What to produce —
Pictures in the material below are to be left out, and only the lines from the line with "这是在内蒙古霍林郭勒市拍摄的" up to and including the line with "結果だけとなりますが、 本日の試合内容では、申し訳ないような気持ちですが、 強豪同士のつぶしあいとなり、パート優勝となりました。" are to be written out exactly.

Records provided —
━━━

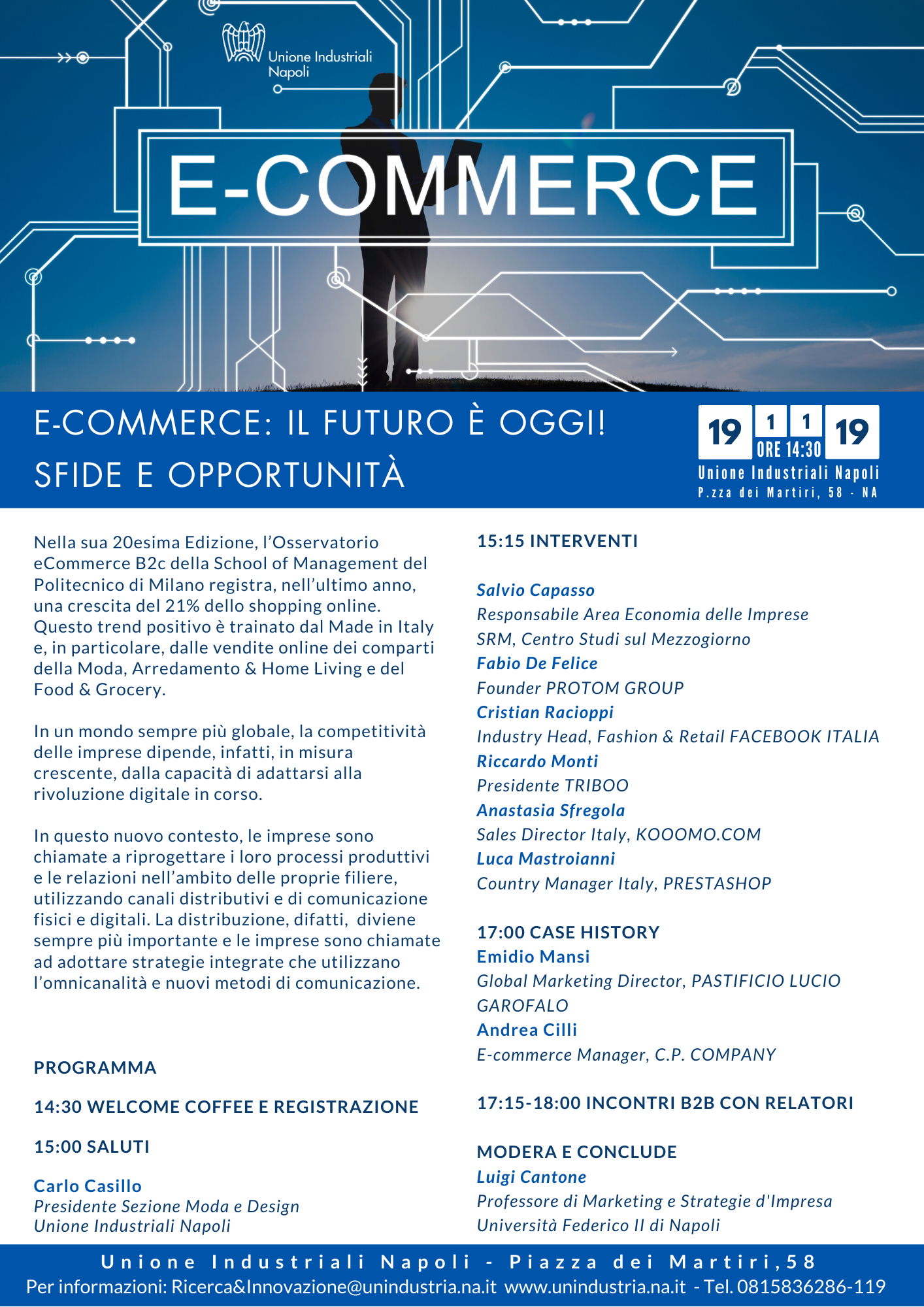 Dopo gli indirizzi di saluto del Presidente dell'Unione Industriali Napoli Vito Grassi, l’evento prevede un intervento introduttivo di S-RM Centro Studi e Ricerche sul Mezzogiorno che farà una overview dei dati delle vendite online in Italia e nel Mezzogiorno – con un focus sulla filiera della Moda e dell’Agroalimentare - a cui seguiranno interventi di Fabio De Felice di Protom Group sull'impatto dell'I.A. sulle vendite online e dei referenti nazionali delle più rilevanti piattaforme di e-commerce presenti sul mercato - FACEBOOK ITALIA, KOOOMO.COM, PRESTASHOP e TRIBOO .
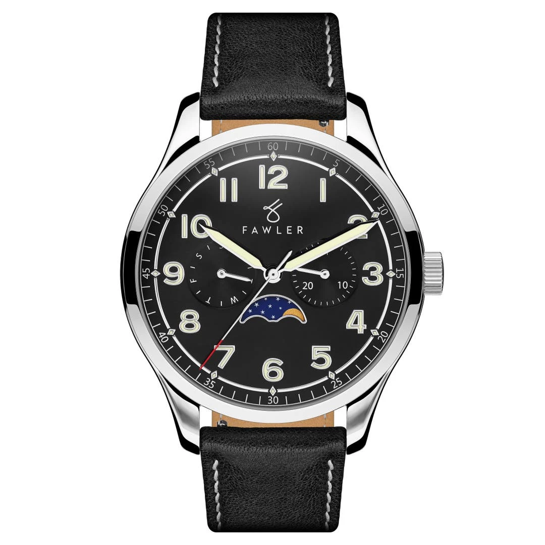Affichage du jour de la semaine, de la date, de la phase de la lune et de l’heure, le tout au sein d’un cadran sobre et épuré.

━━━

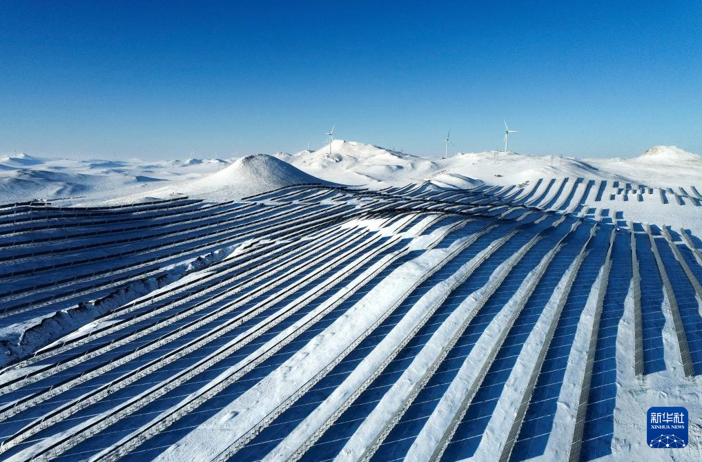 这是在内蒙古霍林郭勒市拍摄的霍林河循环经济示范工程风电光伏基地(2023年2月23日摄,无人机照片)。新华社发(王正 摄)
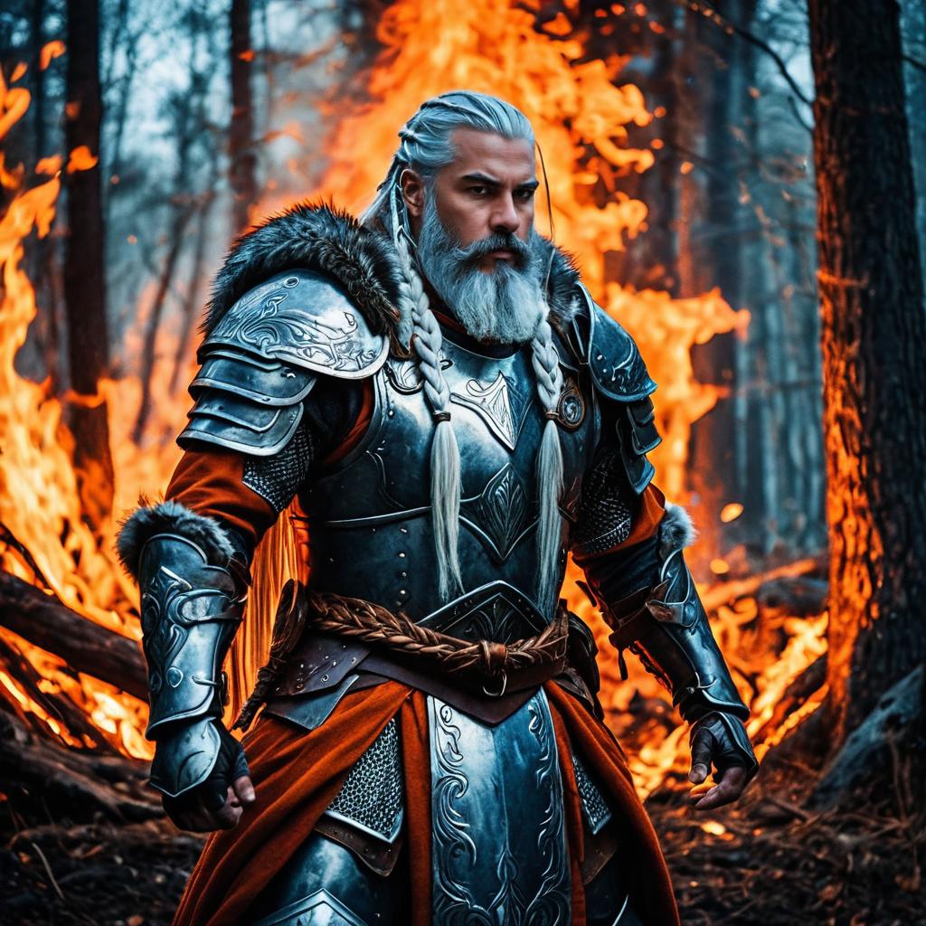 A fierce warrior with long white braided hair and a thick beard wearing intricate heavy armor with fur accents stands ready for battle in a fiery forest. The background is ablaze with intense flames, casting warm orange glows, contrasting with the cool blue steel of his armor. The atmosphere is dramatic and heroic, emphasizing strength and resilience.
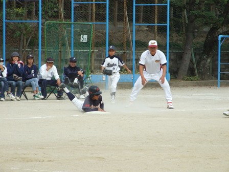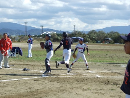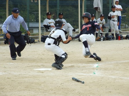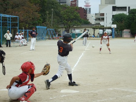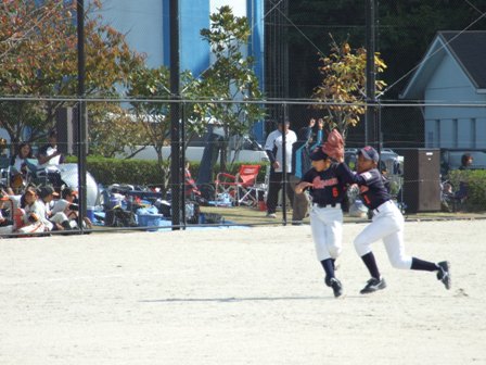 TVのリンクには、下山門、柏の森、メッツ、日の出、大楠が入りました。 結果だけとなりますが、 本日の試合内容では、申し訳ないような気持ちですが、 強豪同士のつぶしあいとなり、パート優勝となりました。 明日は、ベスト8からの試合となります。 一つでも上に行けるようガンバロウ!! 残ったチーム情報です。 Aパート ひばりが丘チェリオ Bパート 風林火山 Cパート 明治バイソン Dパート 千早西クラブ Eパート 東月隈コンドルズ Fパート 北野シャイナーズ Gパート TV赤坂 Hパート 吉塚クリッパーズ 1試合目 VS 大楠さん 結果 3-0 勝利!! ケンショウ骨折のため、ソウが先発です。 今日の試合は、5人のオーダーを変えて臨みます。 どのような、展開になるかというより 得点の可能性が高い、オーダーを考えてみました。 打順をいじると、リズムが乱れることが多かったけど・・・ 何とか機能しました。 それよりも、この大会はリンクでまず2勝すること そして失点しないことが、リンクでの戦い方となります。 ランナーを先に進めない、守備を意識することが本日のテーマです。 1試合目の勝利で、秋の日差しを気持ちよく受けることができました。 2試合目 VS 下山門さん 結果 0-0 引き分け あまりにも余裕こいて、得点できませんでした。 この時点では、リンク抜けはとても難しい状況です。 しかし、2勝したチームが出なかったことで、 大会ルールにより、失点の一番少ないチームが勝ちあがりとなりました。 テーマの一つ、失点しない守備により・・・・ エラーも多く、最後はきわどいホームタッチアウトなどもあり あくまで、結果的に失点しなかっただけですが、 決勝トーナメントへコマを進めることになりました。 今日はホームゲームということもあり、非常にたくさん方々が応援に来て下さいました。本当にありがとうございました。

━━━

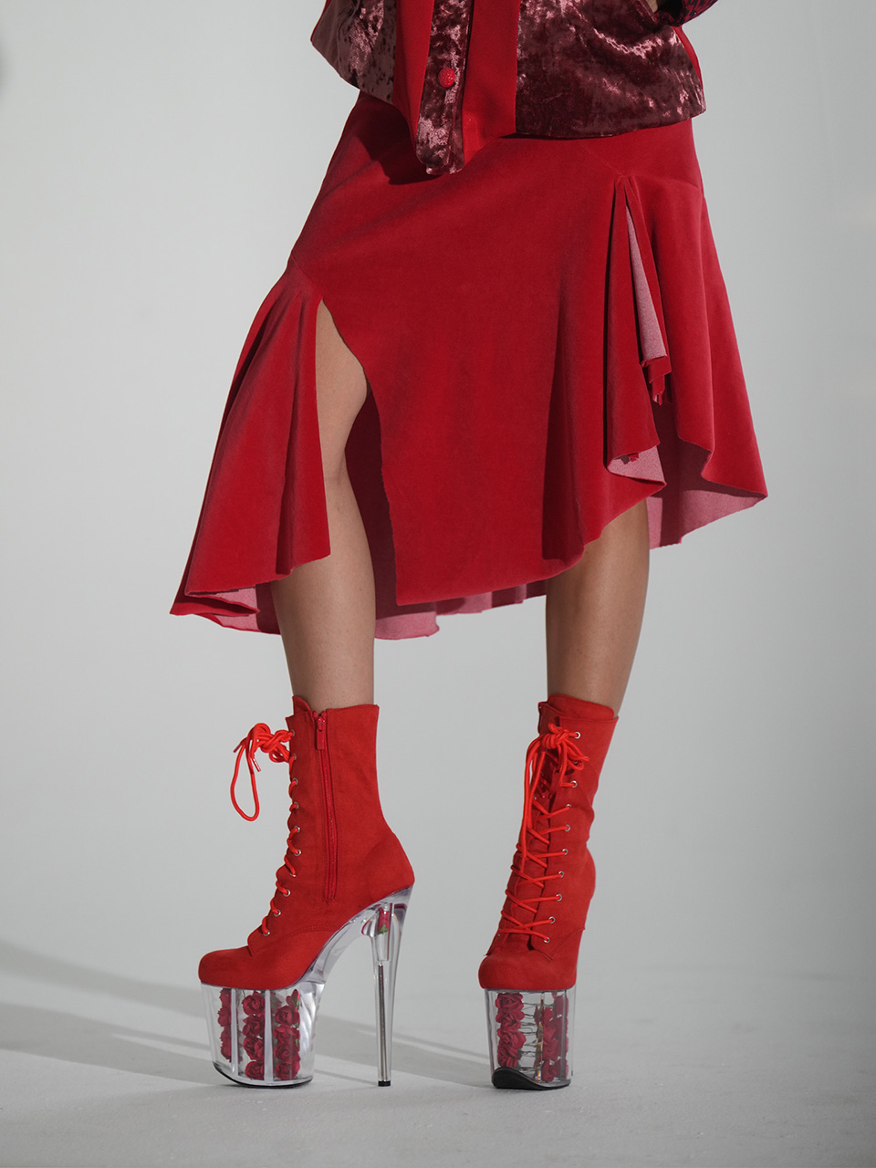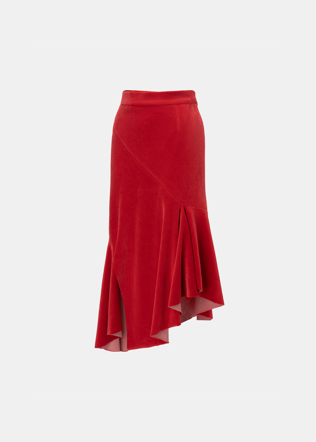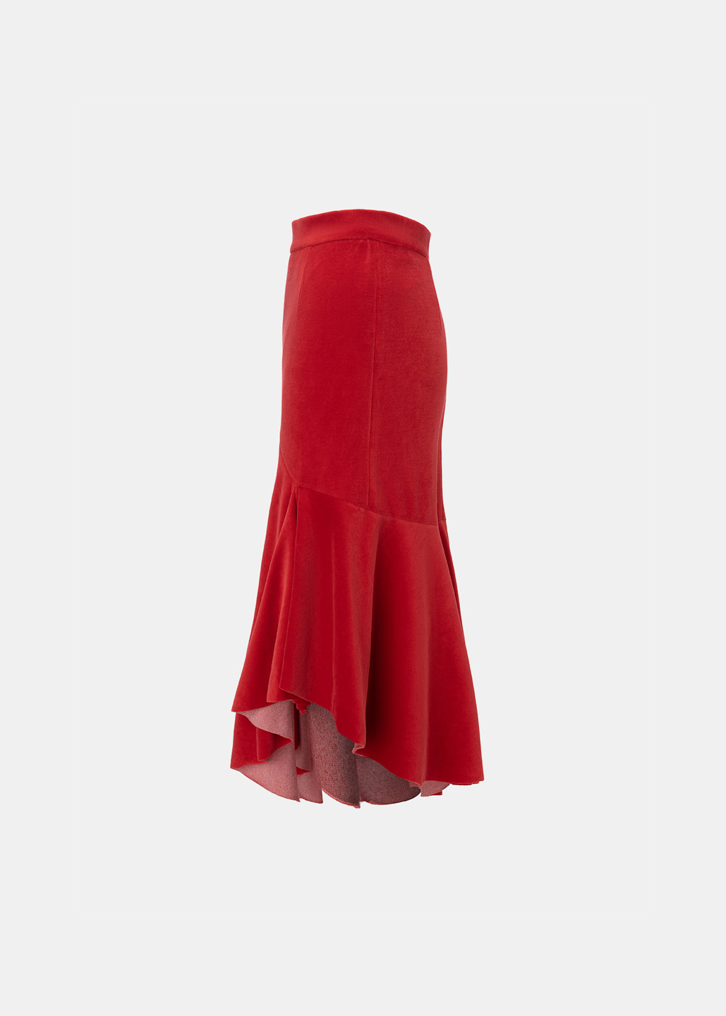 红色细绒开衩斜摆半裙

━━━

Exercise answer —
 这是在内蒙古霍林郭勒市拍摄的霍林河循环经济示范工程风电光伏基地(2023年2月23日摄,无人机照片)。新华社发(王正 摄)
 A fierce warrior with long white braided hair and a thick beard wearing intricate heavy armor with fur accents stands ready for battle in a fiery forest. The background is ablaze with intense flames, casting warm orange glows, contrasting with the cool blue steel of his armor. The atmosphere is dramatic and heroic, emphasizing strength and resilience.
 TVのリンクには、下山門、柏の森、メッツ、日の出、大楠が入りました。 結果だけとなりますが、 本日の試合内容では、申し訳ないような気持ちですが、 強豪同士のつぶしあいとなり、パート優勝となりました。 明日は、ベスト8からの試合となります。 一つでも上に行けるようガンバロウ!! 残ったチーム情報です。 Aパート ひばりが丘チェリオ Bパート 風林火山 Cパート 明治バイソン Dパート 千早西クラブ Eパート 東月隈コンドルズ Fパート 北野シャイナーズ Gパート TV赤坂 Hパート 吉塚クリッパーズ 1試合目 VS 大楠さん 結果 3-0 勝利!! ケンショウ骨折のため、ソウが先発です。 今日の試合は、5人のオーダーを変えて臨みます。 どのような、展開になるかというより 得点の可能性が高い、オーダーを考えてみました。 打順をいじると、リズムが乱れることが多かったけど・・・ 何とか機能しました。 それよりも、この大会はリンクでまず2勝すること そして失点しないことが、リンクでの戦い方となります。 ランナーを先に進めない、守備を意識することが本日のテーマです。 1試合目の勝利で、秋の日差しを気持ちよく受けることができました。 2試合目 VS 下山門さん 結果 0-0 引き分け あまりにも余裕こいて、得点できませんでした。 この時点では、リンク抜けはとても難しい状況です。 しかし、2勝したチームが出なかったことで、 大会ルールにより、失点の一番少ないチームが勝ちあがりとなりました。 テーマの一つ、失点しない守備により・・・・ エラーも多く、最後はきわどいホームタッチアウトなどもあり あくまで、結果的に失点しなかっただけですが、 決勝トーナメントへコマを進めることになりました。 今日はホームゲームということもあり、非常にたくさん方々が応援に来て下さいました。本当にありがとうございました。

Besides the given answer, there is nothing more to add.